Используемый в подобных текстах эзотерический, а порою и религиозный словарь не должен заслонять от нас общий процесс эротического переосмысления мира — процесс, связанный с признанием «возвышенной любви» единственно возможным и естественным развитием вселенной: «Желание, не порывая связей с сексуальностью, оказывается, таким образом, преображено [...]; не забывая о породившем его существе из плоти и крови, оно вместе с тем конечной своей целью полагает сексуальное переустройство мироздания»21. В любом случае, чисто идеалистическая сублимация всегда сдерживается у сюрреалистов вниманием к сексуальным отношениям людей. Опросы о любви и сексуальности сменяют друг друга в 11-м и 12-м номерах «Сюрреалистической революции» (март 1928 и декабрь 1929). Стихотворение Бретона «Свободный союз» (1931) прославляет преодоление пределов («Моя подруга с языком, точно пронзенная облатка»), а безумная любовь становится любовью плотской: «Я обожаю — и обожал всегда — твою отравленную тень, твой смертоносный фантом. Придет день, и человек признает наконец тебя своим единственным владыкой и станет почитать любое твое проявление вплоть до загадочных перверсий, которыми ты окружаешь его каждодневно». Сознание виновности должно постепенно стираться, так чтобы человек расстался с привычным ему «дуализмом добра и зла»22. Не будем забывать, перу автора «Антологии возвышенной любви» принадлежит также «Ржавчина в клетках», и сентиментальность в данном случае неизменно обращается насмешкой: достаточно перечитать беспощадную колонку «почты сердца», которую вела с 1958 г. в «Бьефе» Джойс Мансур!

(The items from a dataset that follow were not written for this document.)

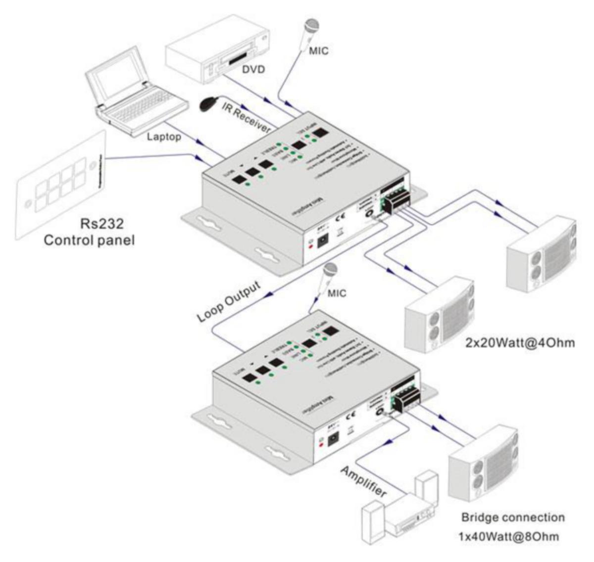 KanexPro AP2DBL on (D-luokan) minivahvistin, jossa on ekvalisaattori ja mikrofonimikseri. Laitteen antama teho on 2x20W@4Ohm tai sillattuna 1x40W@8Ohm. AP2DBL on kompakti vahvistinmikseri, joka on pienen kokonsa ansiosta mahdollista sijoittaa lähes mihin tahansa. Laitetta on mahdollista ohjata RS-232- komennoilla. Mikseri sisältää erilliset volyymin ja balanssin säädöt ja se tukee balansoitua / balansoimatonta signaalia. Ominaisuudet: Nopeat vaihdot tulojen välillä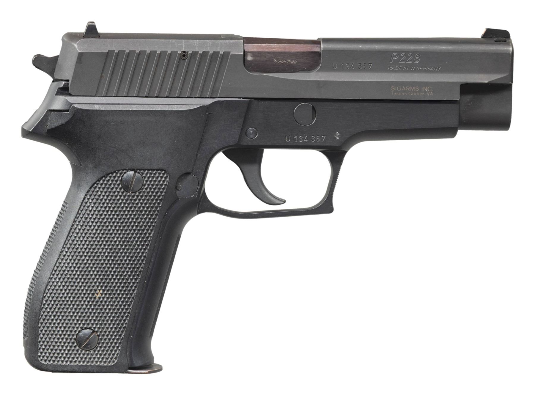 Cal. 9mm Luger. S# U134367. Bbl. 4 3/8". White dot front sight. Square notch rear sight with white stripe. Matching numbers on frame & slide. 1986 made West German P226 with Tyson's Corner import marking. Slide has a gray parkerized finish. Frame has a matte black finish. Checkered black grips. MAGS: 4-15 rd. Two mags are Sig Sauer marked & two marked only "P226" on floorplate. CONDITION: grips show light handling marks & scratches. Metal retains 95% original finishes with scattered edge wear, handling marks & light scratches. Action functions properly when hand cycled. Bright near excellent bore. (25-5248/MJC). MODERN. $700-1,000.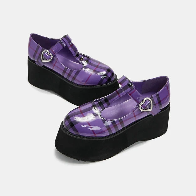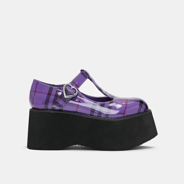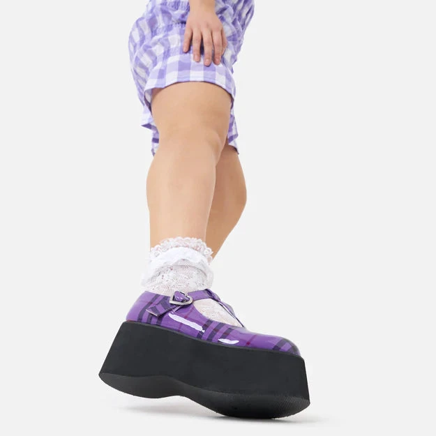 Classic Mary Janes with an epic platform twist by Koi in a gorgeous patent effect purple plaid pattern. Elevate your look with the 3″ platform sole with a lovely metal heart buckle.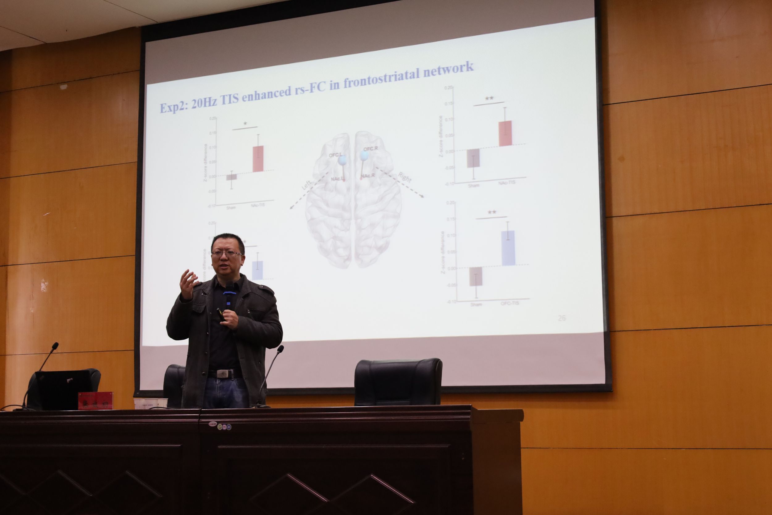 讲座伊始,张效初教授分别介绍了深部脑刺激(DBS)、传统经颅电刺激技术,随后引入此次试验关键技术--“时间干涉的经颅电刺激技术”。通过展示大量专业数据与模型分析,张效初教授总结到,奖励学习是一个关键模式,研究发现其过程主要涉及NAC和OFC,接着对其之间的互动机制进行了深入阐述,最终得出结论:OFC-NAC网络可以奖励引导行为。

При этом — и никакого противоречия со сказанным выше здесь нет — посредницей в чудесном опыте любви у сюрреалистов нередко выступает «женщина-дитя». Пусть и называя их загадочными, Бретон приводит слова каббалиста Риттера, друга Ахима фон Арнима, о том, что «любим мы только землю, а земля отвечает нам, даруя женщину»; свой текст, вместе с тем, Бретон завершает иной цитатой: «Познай женщину, и остальное откроется тебе само собой»23. Семнадцатый аркан колоды Tapo, давший название тексту Бретона, — это как раз женщина, женщина-дитя, Мелюзина, которая, принадлежа миру детства, вбирает в себя также вселенную дологического, чудесного, и даже оставаясь отчасти колдуньей, не опасается призывать на помощь чины ангелов. Именно такая чародейка-дитя изображена на картине Виктора Браунера «Мифотомия» (1942): в одной руке она держит змею (олицетворение женщины или Времени), а в другой — египетский крест, символизирующий жизнь и смерть; нагота лишь подчеркивает ее желанность. К тому же времени относится работа «Устойчивое и непостоянное», которую сам Браунер комментировал так: «В своем рассветном церемониале сомнамбула превращает копну взбитых волос в фантастического зверя — в передних лапах у него стрела, которая навеки сокрушит реальность»24. На автопортрете Туайен, которую и в жизни нередко сравнивали с женщиной-ребенком, мы видим со спины хрупкую девичью фигурку («Спящая», 1937): сколько диковин готова поймать она своим волшебным сачком! Леонора Каррингтон изображает себя полу-женщиной, полу-животным — лошадью, влюбленной в белого деревянного конька детских лет, с косами, распущенными, как грива («Автопортрет», 1937).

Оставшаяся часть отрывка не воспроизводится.